Offensive Security Oscp May 2026
The OSCP is the flagship certification offered by Offensive Security (now part of SANS Institute, but operationally independent). Unlike certifications that test your ability to memorize port numbers or regurgitate compliance frameworks, the OSCP is a performance-based practical exam.
The philosophy is simple: You cannot defend what you do not understand. To be a true defender (Blue Team) or a breaker (Red Team), you must think like an attacker. The OSCP teaches the "Try Harder" mentality—a stubborn, methodical approach to problem-solving when the initial ten exploits fail. offensive security oscp
Holding an Offensive Security OSCP badge tells an employer one thing: This person has spent hundreds of hours in a lab, manually exploiting vulnerable machines, and has proven, under a ticking clock, that they can compromise a network.
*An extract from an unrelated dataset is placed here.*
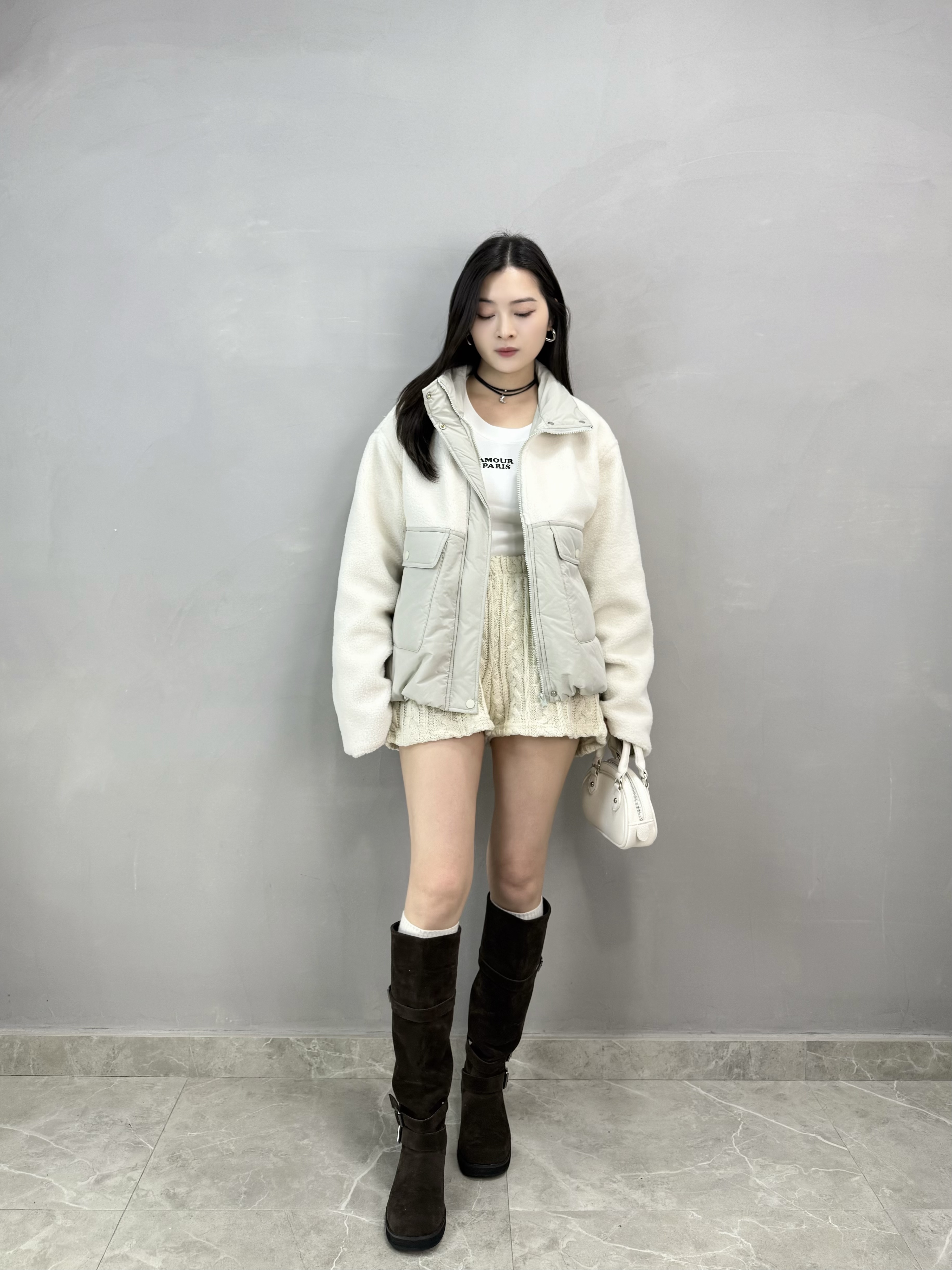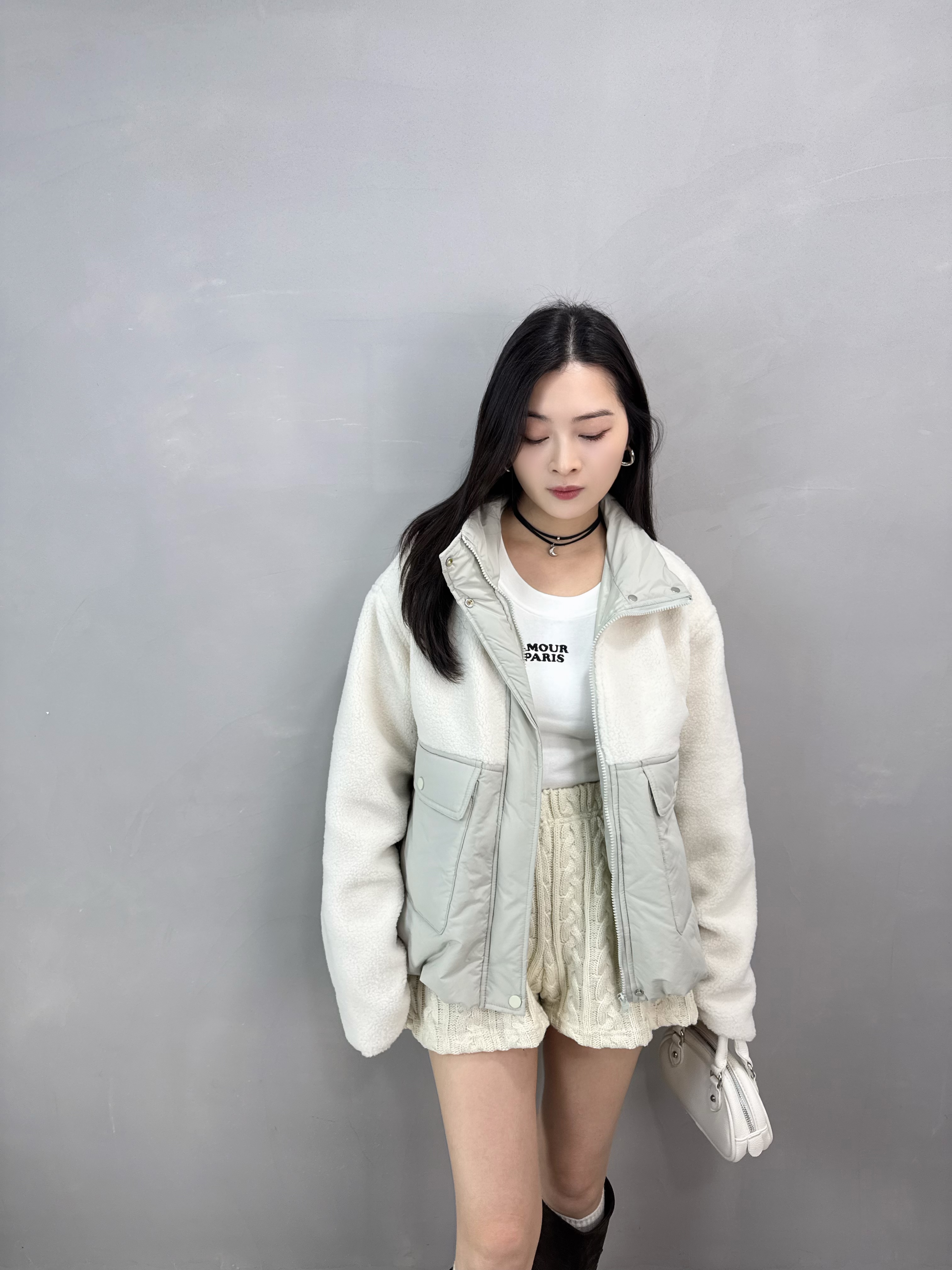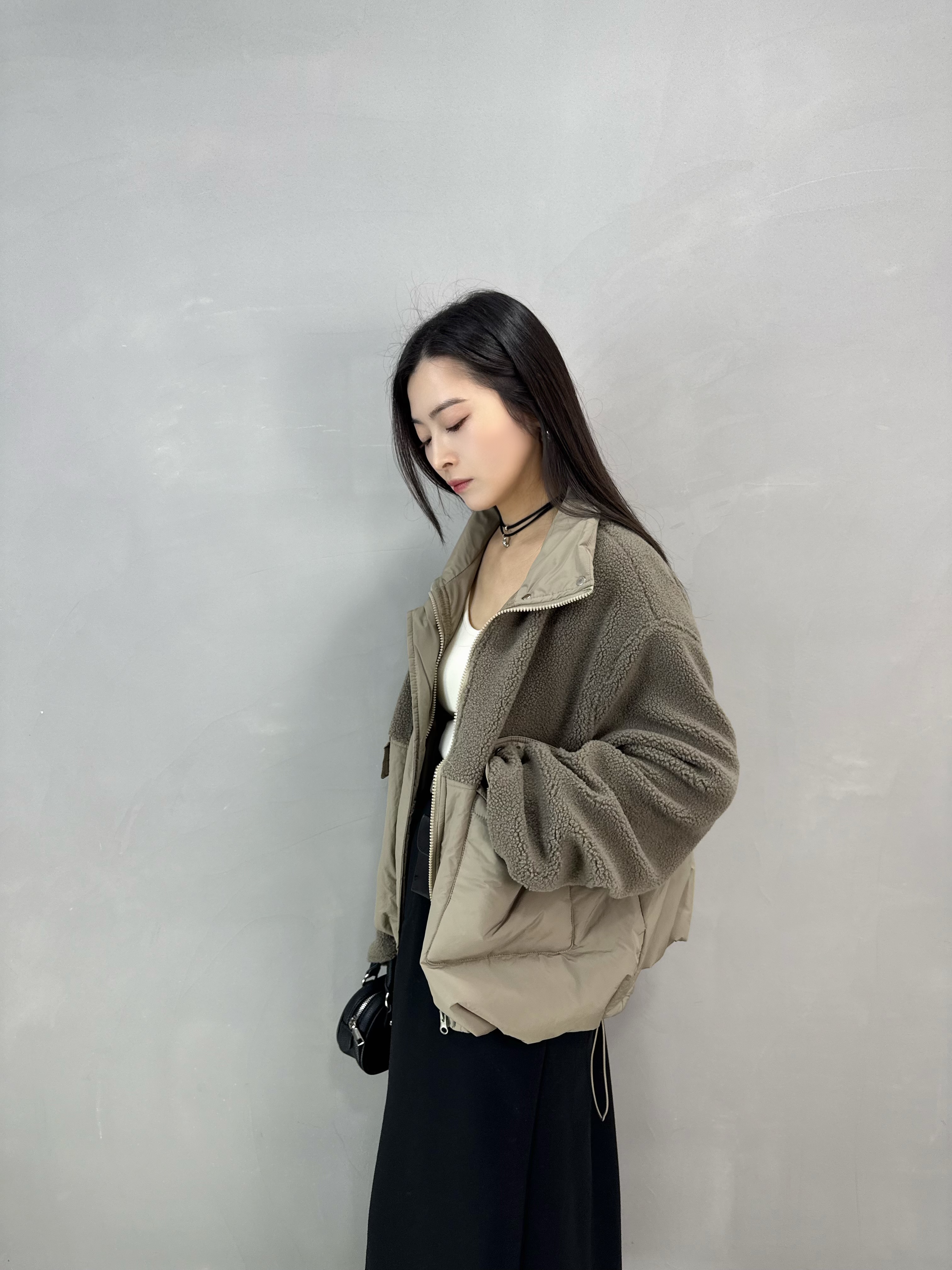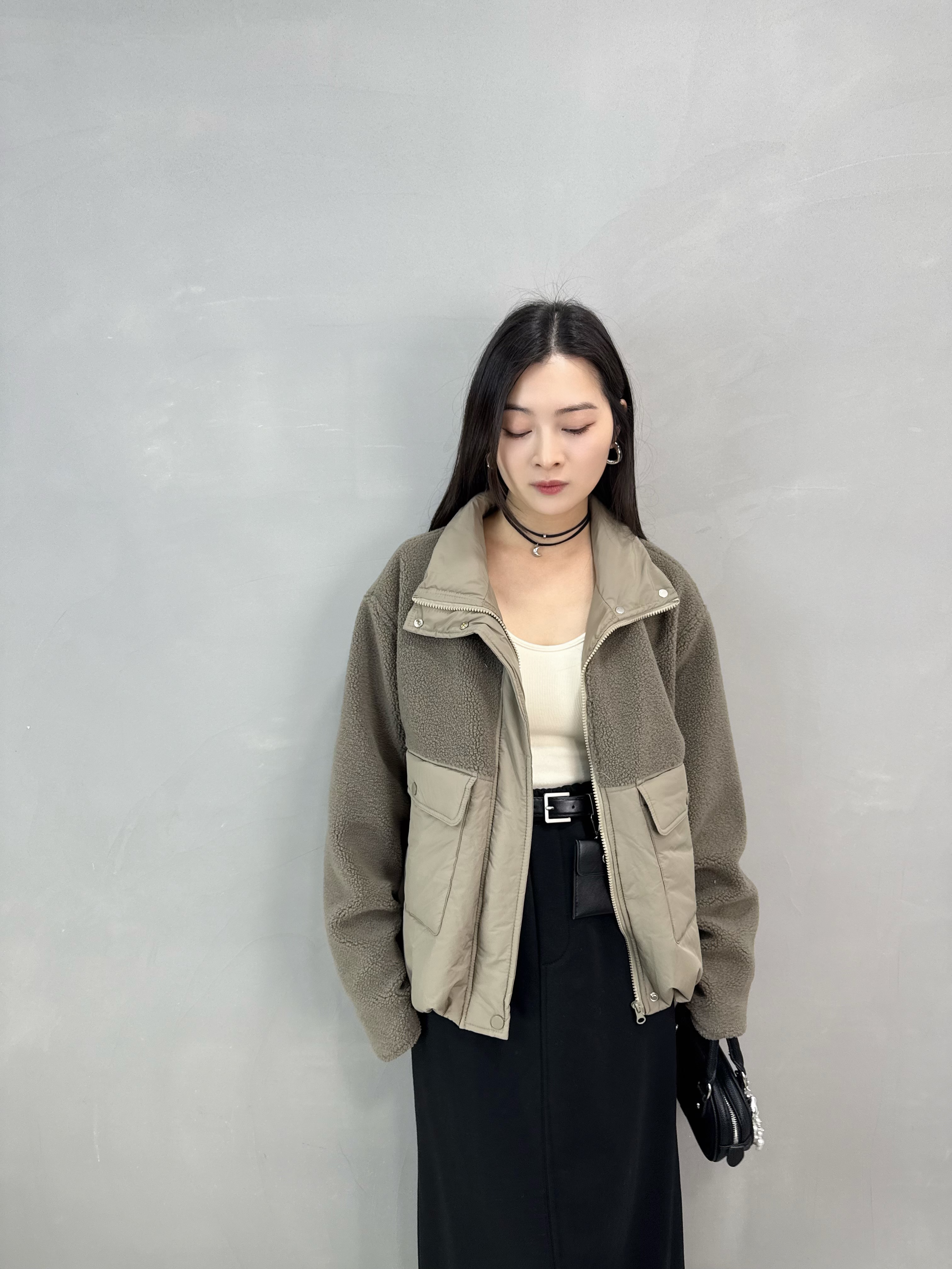 C78 羊羔毛拼夾棉褸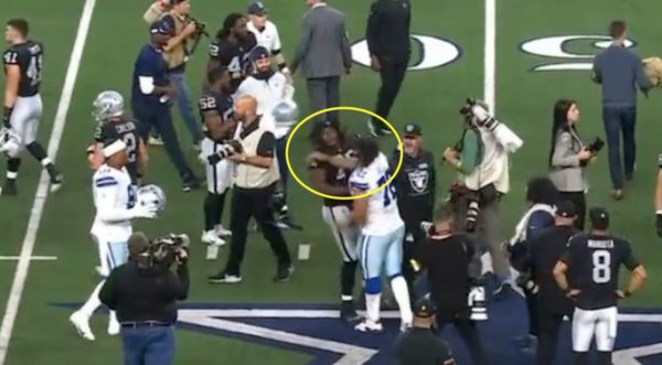 Dallas Cowboys defensive lineman Trysten Hill in yellow circle throws punch knocking Raider lineman John Simpson’s helmet off in a post game confrontation at AT&T Stadium in Arlington on Sun Nov 28, 2021 (Larry Brown Sports photo)

The OSCP is the flagship certification offered by
Offensive Security has pivoted heavily toward modern enterprise threats. You will face a simulated corporate network with multiple domain-joined machines. You must: The Passing Score: Typically 70 out of 100
Many candidates fail not because they can't hack, but because they can't document. After the 24-hour exam, you have 24 hours to submit a professional penetration test report. This report must include:
The Passing Score: Typically 70 out of 100 points, plus the completion of the Active Directory set. You cannot pass without owning the AD environment.
The course includes many “exercises” after each chapter. Completing them and submitting a lab report (with 10+ machines documented) gives you 5 bonus points toward the exam. Those points have saved many borderline passes. Do not skip this.